WaveShuffleIndex Sinking Optimization

bowenxue-intel · igcbot · commit 137f19ce902c · 2024-11-21T01:57:14.000+01:00
Hoists and combines some identical BinaryOperator instructions that come
after WaveShuffleIndex instructions with a constant lane/channel and
sink WaveShuffleIndex instrucitons to the point of divergence
Use distributive property of insturctions to allow some BinaryOperators
to be hoisted above other unhoistable BinaryOperators
diff --git a/IGC/Compiler/CISACodeGen/ShaderCodeGen.cpp b/IGC/Compiler/CISACodeGen/ShaderCodeGen.cpp
@@ -101,6 +101,7 @@ SPDX-License-Identifier: MIT
 #include "Compiler/Optimizer/SynchronizationObjectCoalescing.hpp"
 #include "Compiler/Optimizer/BarrierControlFlowOptimization.hpp"
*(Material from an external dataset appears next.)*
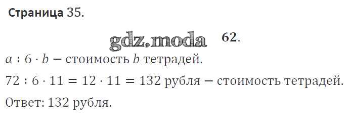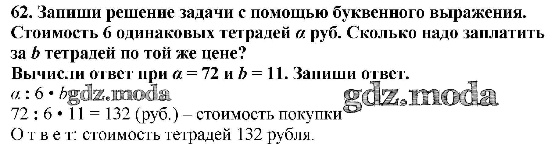 ОТВЕТ на задание № 62 Тетрадь для самостоятельной работы по Математике 4 класс Захарова

 #include "Compiler/Optimizer/RuntimeValueVectorExtractPass.h"
+#include "Compiler/Optimizer/WaveShuffleIndexSinking.hpp"
 #include "Compiler/MetaDataApi/PurgeMetaDataUtils.hpp"
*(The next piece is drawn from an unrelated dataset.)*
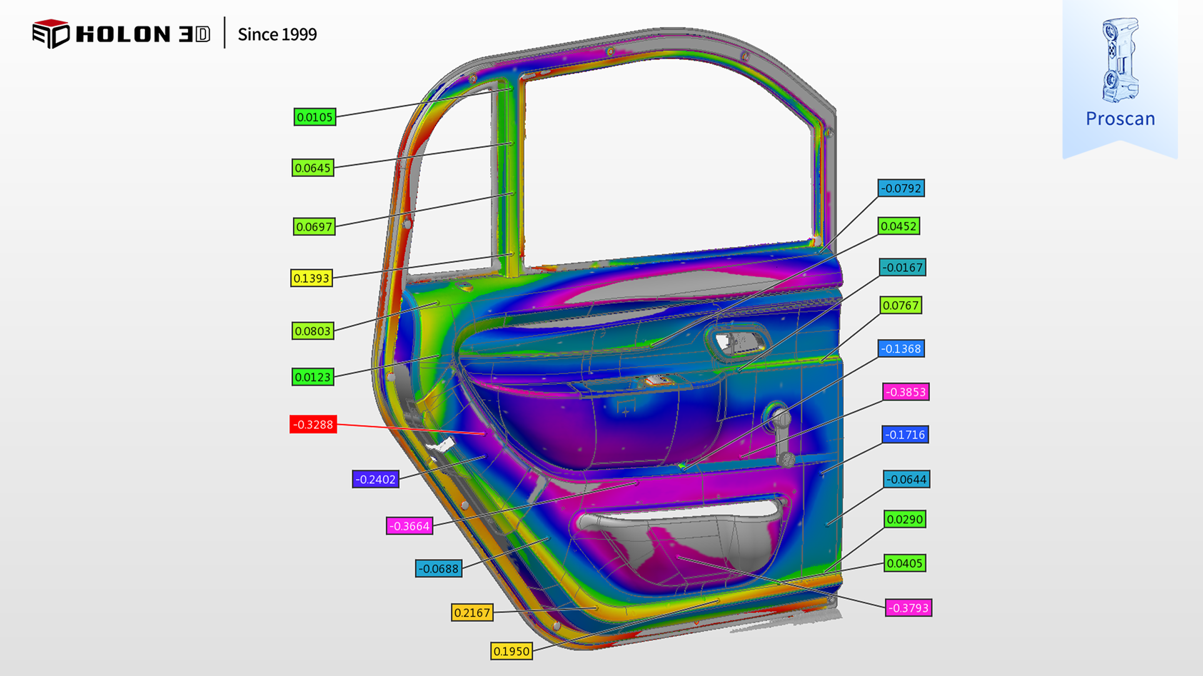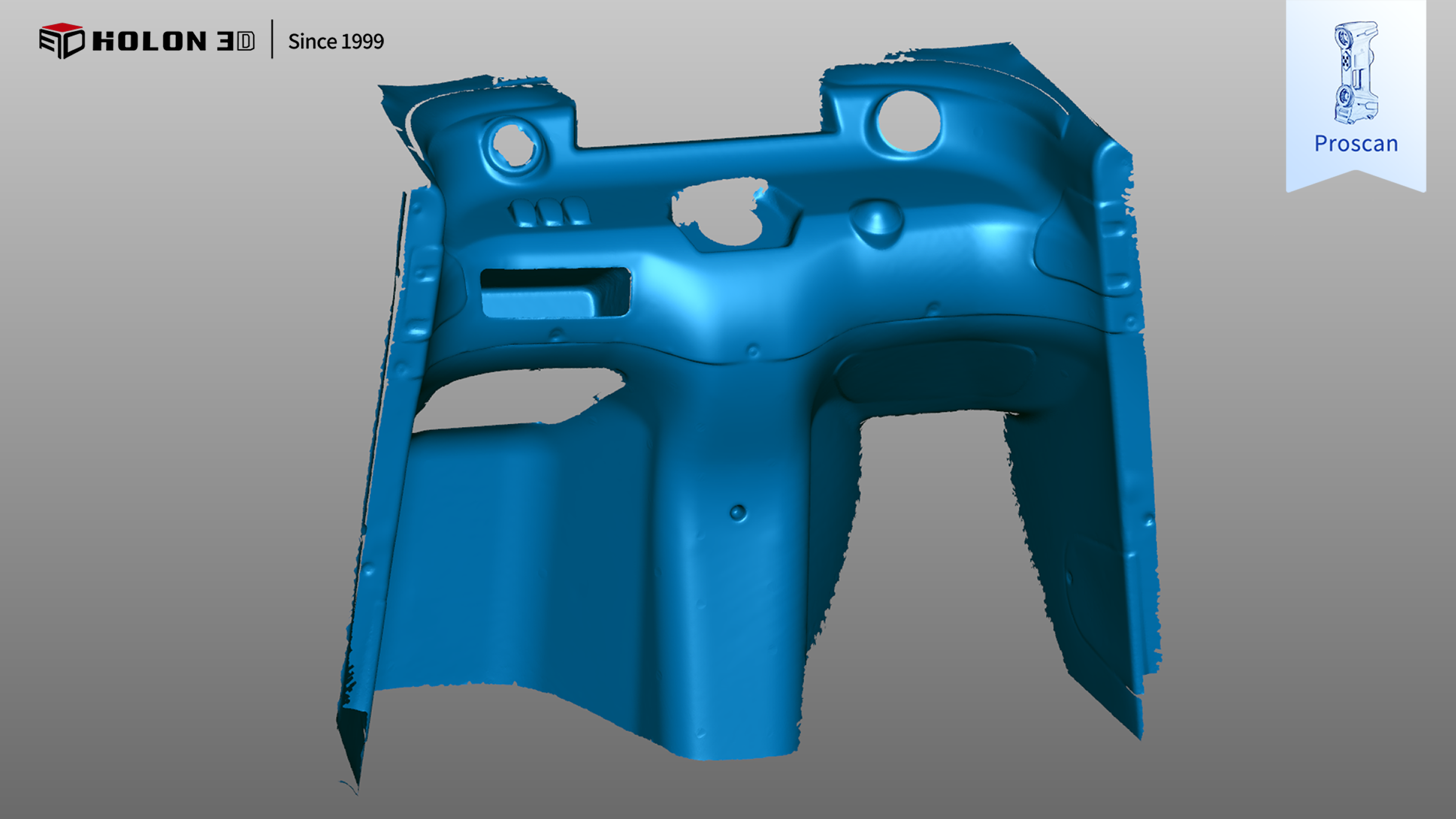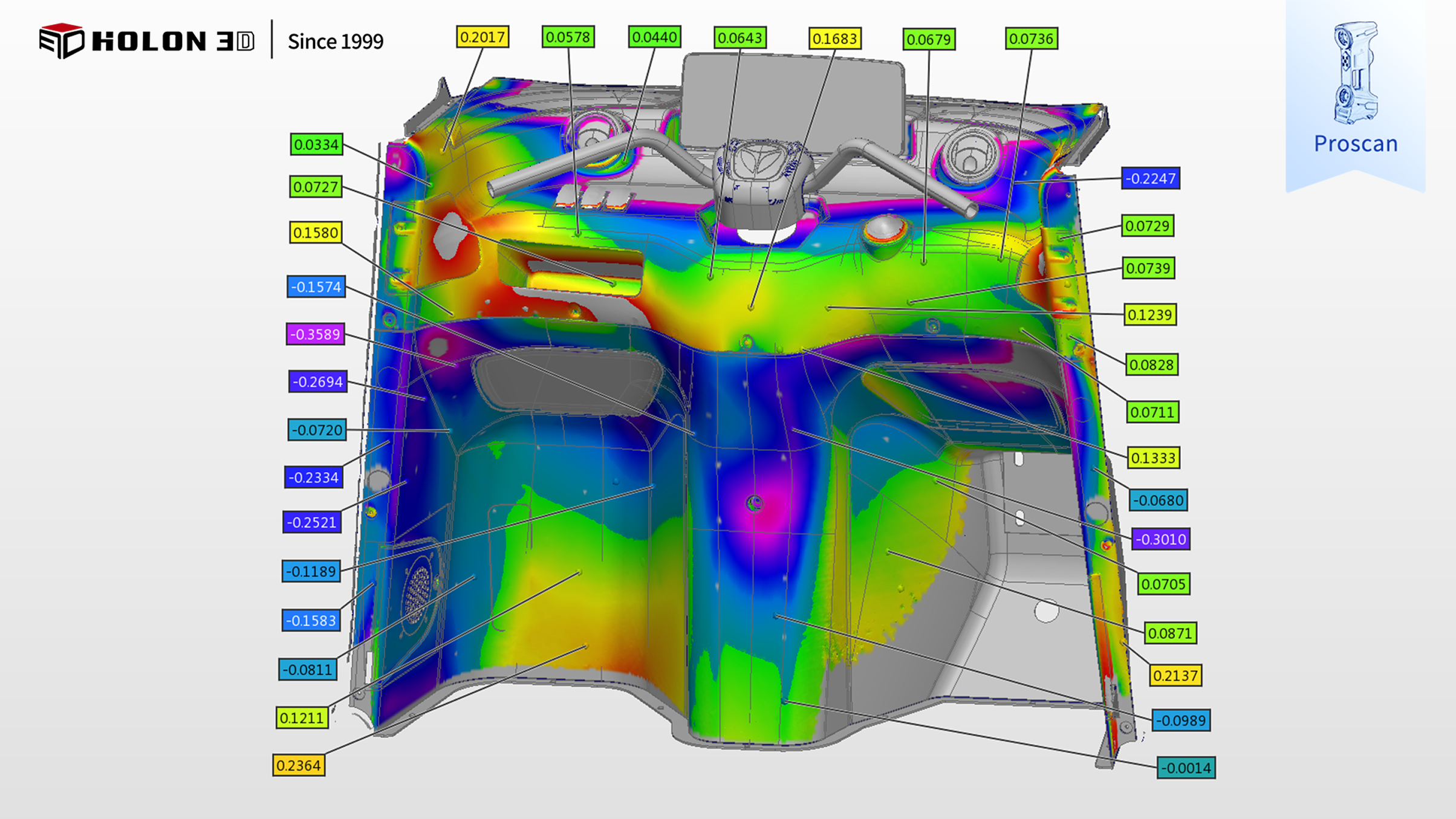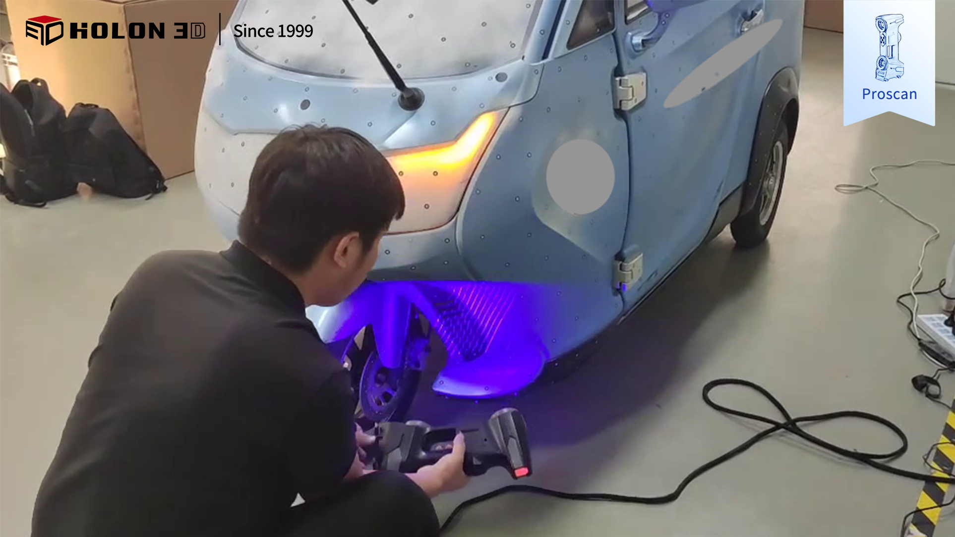HOLON工程師通過Proscan手持式三維掃描儀突破檢測瓶頸:設(shè)備搭載調(diào)光,無懼深色,適配金屬與塑料等多種材質(zhì),消除高反光干擾,完整獲取車架、輪胎及焊接點數(shù)據(jù);手持式設(shè)計可靈活深入車體狹小空間,以0.02mm精度捕捉隱蔽形變;掃描數(shù)據(jù)經(jīng)智能分析系統(tǒng)與CAD模型智能對齊,生成三維偏差色譜圖,直觀呈現(xiàn)車架彎曲度、軸距偏移等多項參數(shù),并輸出檢測對比報告,為工藝優(yōu)化提供精準(zhǔn)決策支持。

 #include "Compiler/HandleLoadStoreInstructions.hpp"
 #include "Compiler/CustomSafeOptPass.hpp"
@@ -1424,6 +1425,10 @@ void OptimizeIR(CodeGenContext* const pContext)
         }
 
         mpm.add(createIGCInstructionCombiningPass());
+        if( IGC_IS_FLAG_ENABLED( EnableWaveShuffleIndexSinking ) )
+        {
+            mpm.add( createWaveShuffleIndexSinking() );
+        }
         mpm.add(new FCmpPaternMatch());
         mpm.add(llvm::createDeadCodeEliminationPass()); // this should be done both before/after constant propagation
 
diff --git a/IGC/Compiler/InitializePasses.h b/IGC/Compiler/InitializePasses.h
@@ -273,3 +273,4 @@ void initializeCollectLoopCountPass(llvm::PassRegistry&);
 void initializeRemoveLoopDependencyPass(llvm::PassRegistry&);
 void initializeResourceLoopUnrollPass(llvm::PassRegistry&);
 void initializeInjectPrintfPass(llvm::PassRegistry&);
+void initializeWaveShuffleIndexSinkingPass(llvm::PassRegistry&);
diff --git a/IGC/Compiler/Optimizer/CMakeLists.txt b/IGC/Compiler/Optimizer/CMakeLists.txt
@@ -33,6 +33,7 @@ set(IGC_BUILD__SRC__Optimizer
     "${CMAKE_CURRENT_SOURCE_DIR}/ValueTracker.cpp"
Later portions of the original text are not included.